## Data extract

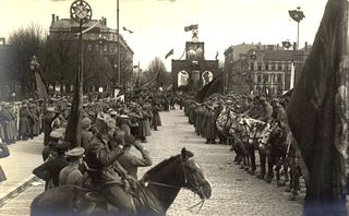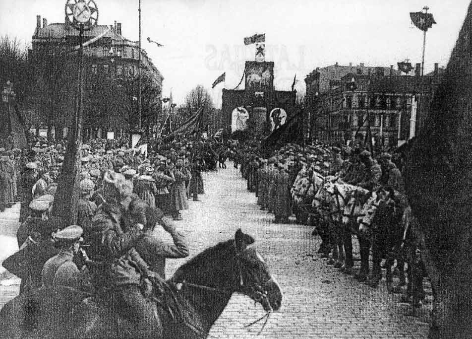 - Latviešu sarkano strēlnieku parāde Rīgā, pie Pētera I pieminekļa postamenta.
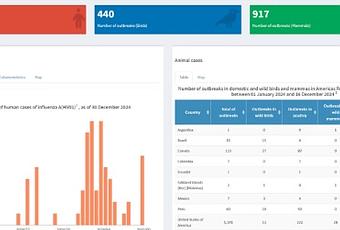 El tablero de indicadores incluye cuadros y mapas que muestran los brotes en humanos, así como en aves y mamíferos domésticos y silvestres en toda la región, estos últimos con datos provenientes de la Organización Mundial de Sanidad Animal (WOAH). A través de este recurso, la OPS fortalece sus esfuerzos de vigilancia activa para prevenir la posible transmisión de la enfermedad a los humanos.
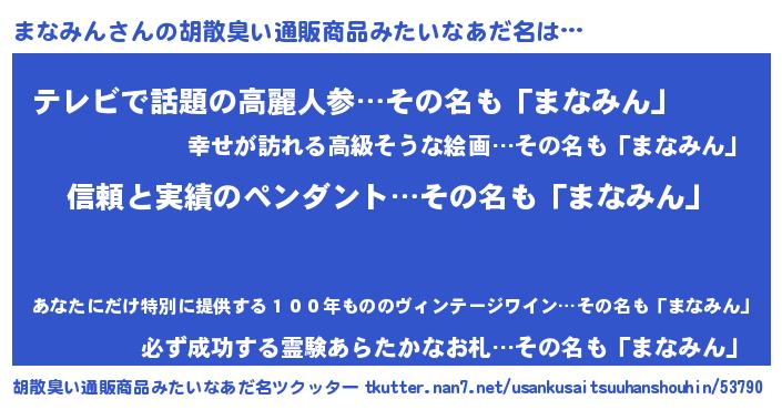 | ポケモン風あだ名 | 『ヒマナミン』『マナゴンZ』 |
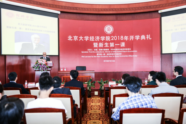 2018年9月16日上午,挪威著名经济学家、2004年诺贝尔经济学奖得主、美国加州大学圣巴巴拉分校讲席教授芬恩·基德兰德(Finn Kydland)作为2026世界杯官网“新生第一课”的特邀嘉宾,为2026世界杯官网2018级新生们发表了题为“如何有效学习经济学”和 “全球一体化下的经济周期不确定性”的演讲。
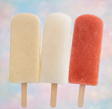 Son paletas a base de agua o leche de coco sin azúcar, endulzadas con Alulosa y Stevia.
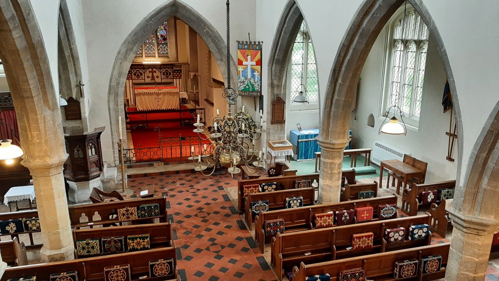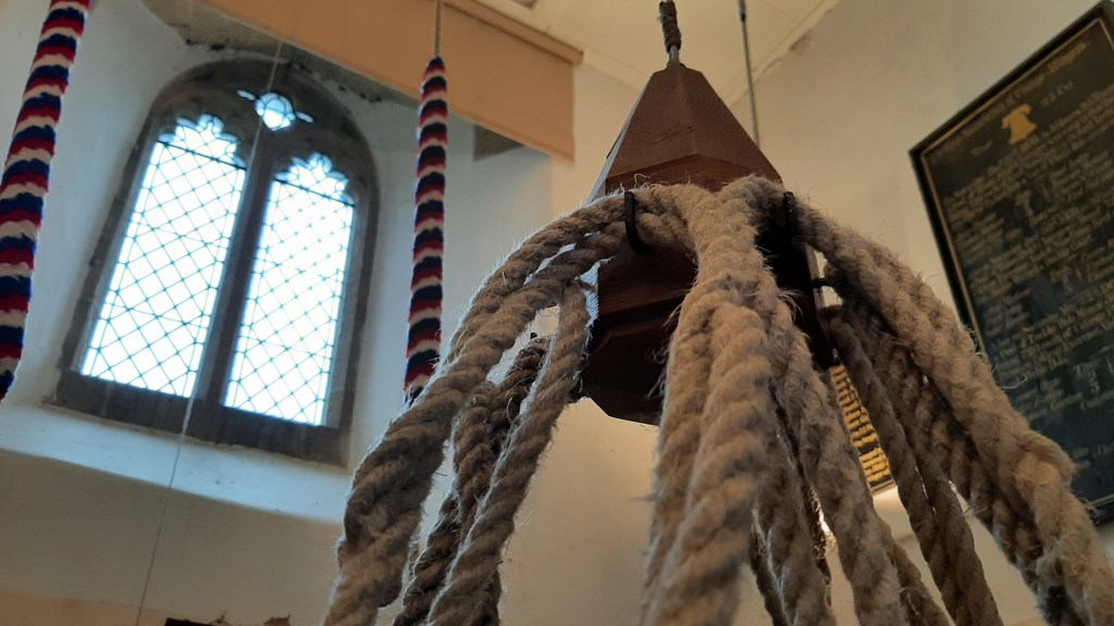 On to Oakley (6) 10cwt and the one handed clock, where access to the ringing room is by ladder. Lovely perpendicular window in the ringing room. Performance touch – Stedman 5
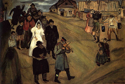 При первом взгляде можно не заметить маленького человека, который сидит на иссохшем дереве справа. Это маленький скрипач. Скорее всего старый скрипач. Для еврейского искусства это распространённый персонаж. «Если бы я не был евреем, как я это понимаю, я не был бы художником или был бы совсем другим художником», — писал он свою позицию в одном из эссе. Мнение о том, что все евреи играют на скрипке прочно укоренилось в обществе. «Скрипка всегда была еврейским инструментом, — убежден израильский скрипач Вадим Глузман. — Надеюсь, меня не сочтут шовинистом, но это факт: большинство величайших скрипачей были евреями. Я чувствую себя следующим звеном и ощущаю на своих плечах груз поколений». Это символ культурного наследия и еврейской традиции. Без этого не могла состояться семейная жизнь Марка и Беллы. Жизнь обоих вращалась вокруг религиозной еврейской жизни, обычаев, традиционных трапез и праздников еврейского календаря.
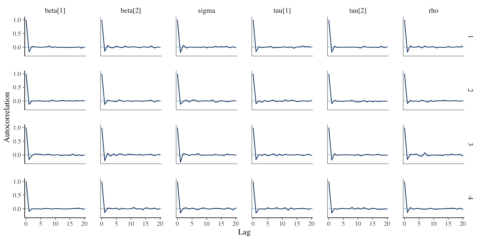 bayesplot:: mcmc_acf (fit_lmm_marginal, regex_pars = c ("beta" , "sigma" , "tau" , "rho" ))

...

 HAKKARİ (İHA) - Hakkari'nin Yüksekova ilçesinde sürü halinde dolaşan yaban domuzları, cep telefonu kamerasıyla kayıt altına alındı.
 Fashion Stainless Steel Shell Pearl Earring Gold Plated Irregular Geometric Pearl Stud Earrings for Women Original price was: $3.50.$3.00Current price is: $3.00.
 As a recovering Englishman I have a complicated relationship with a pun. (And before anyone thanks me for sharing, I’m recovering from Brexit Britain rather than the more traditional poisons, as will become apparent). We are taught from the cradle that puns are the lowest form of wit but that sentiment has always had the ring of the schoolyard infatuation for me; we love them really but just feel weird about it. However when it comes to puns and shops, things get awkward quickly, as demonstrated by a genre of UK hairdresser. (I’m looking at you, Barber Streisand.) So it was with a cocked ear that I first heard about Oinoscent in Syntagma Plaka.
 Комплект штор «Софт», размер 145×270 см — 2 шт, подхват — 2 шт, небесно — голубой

## Task goal
Find the line with "- Latviešu sarkano" and the line with "Son paletas a" in the records above. Copy both and all lines between them exactly, without pictures.

## Result for this exercise
 - Latviešu sarkano strēlnieku parāde Rīgā, pie Pētera I pieminekļa postamenta.
 El tablero de indicadores incluye cuadros y mapas que muestran los brotes en humanos, así como en aves y mamíferos domésticos y silvestres en toda la región, estos últimos con datos provenientes de la Organización Mundial de Sanidad Animal (WOAH). A través de este recurso, la OPS fortalece sus esfuerzos de vigilancia activa para prevenir la posible transmisión de la enfermedad a los humanos.
 | ポケモン風あだ名 | 『ヒマナミン』『マナゴンZ』 |
 2018年9月16日上午,挪威著名经济学家、2004年诺贝尔经济学奖得主、美国加州大学圣巴巴拉分校讲席教授芬恩·基德兰德(Finn Kydland)作为2026世界杯官网“新生第一课”的特邀嘉宾,为2026世界杯官网2018级新生们发表了题为“如何有效学习经济学”和 “全球一体化下的经济周期不确定性”的演讲。
 Son paletas a base de agua o leche de coco sin azúcar, endulzadas con Alulosa y Stevia.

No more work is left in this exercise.